04/08/2026
Ce livre en contient trois.
Un roman dans un roman dans un roman.
Il y a tout d'abord cette femme qui écrit. Esprit. Sa vie avec ses enfants, ses plongées hypnotiques dans l'écriture d'où elle ressort transformée, ses recherches aux archives, sur les traces disparues d'une rivière que les humains ont enfouie, ses promenades sur les rives d'un fleuve qu'elle aime comme un être vivant, puisque c'est ce qu'il est, ses baignades et ses contemplations, constituent la première histoire.
Ce qu'elle écrit est le deuxième roman. Cela se passe en 2050. L'extractivisme se conjugue au fascisme, le cycle de l'eau est détruit, les nappes phréatiques se vident, la bétonisation poursuit les ravages que l'on connaît et les fleuves sont malades.

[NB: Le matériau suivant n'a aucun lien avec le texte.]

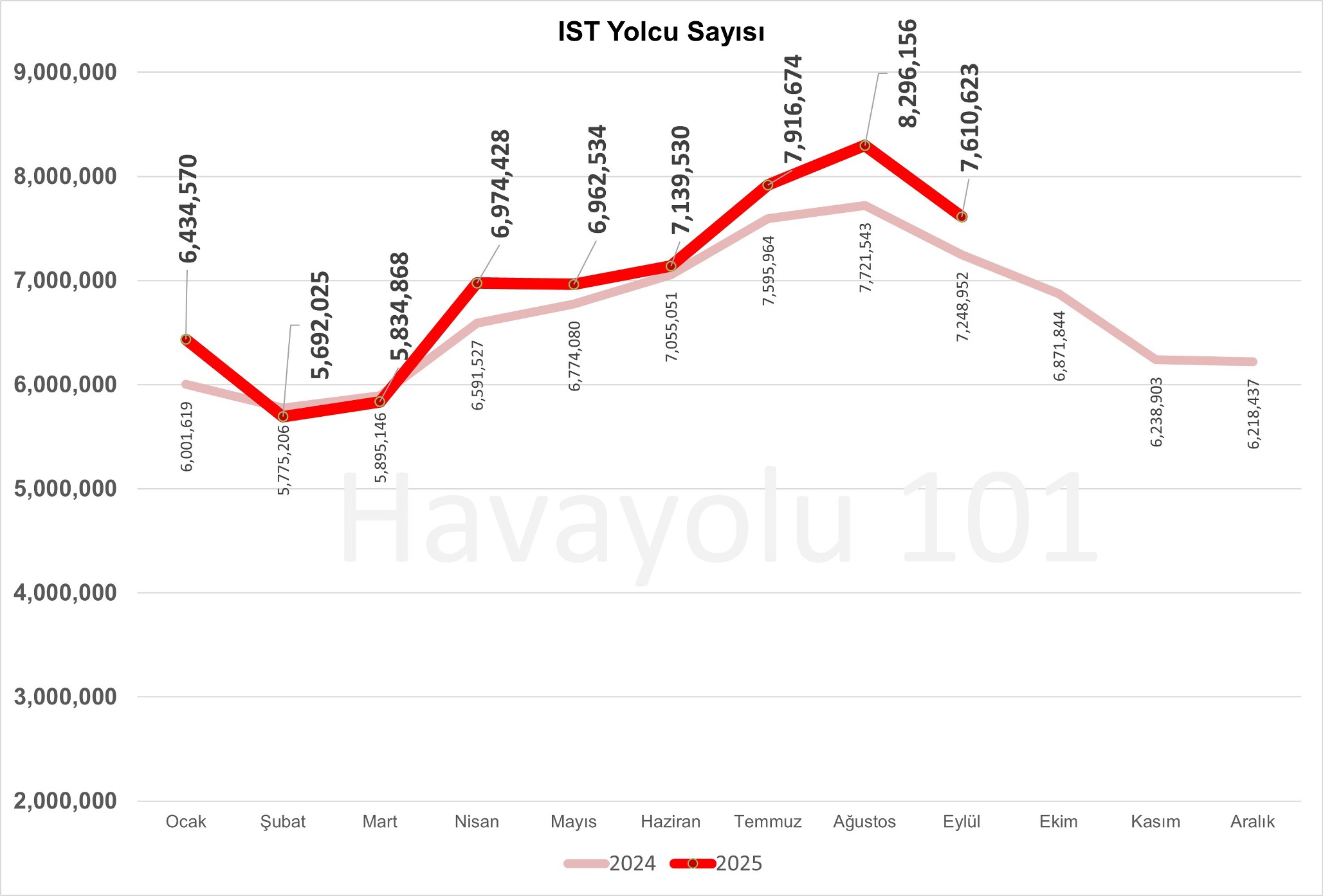 Bunun sonucunda IST’teki toplam yolcu sayısı yüzde 5 oranında artarak 7,6 milyona ulaştı.

Un groupe d'individus se réunit pour se mettre en résistance. Ils souhaitent libérer les eaux de la Rize pour vivre avec elle.
La troisième histoire est le parlement de l'Eau. On y voit siéger Marais, Torrent, Nappe Phréatique, Fleuve, Mer, Canal de Jonage, Rhône, Miribel... Des Cours d'Eau, mais pas que, puisqu'il y a aussi Cascade, Petit Lac et Océan. Disons donc plutôt des Corps d'Eau. Ensemble, ils élaborent une littérature qui lutte pour que la sinistre dystopie qui nous attend se transforme en utopie. De leurs ateliers d'écriture naîtra l'histoire qu'Esprit retranscrit.
Ces trois strates se parlent et se répondent. Elles se mélangent et s'encouragent. Et l'ensemble se tient fabuleusement.
Ce livre est un enchantement que je ne comprends pas vraiment. Je le contemple, il me ravit et c'est très bien comme ça. L'écriture semble se décrire, elle miroite, c'est fluide, liquide, fleuve, trois romans qui n'en font qu'un, comme des affluents qui se mêlent, et ce qu'ils sont ensemble est ce livre que l'on tient dans la main : une œuvre poétique et politique, follement libre, absolument géniale.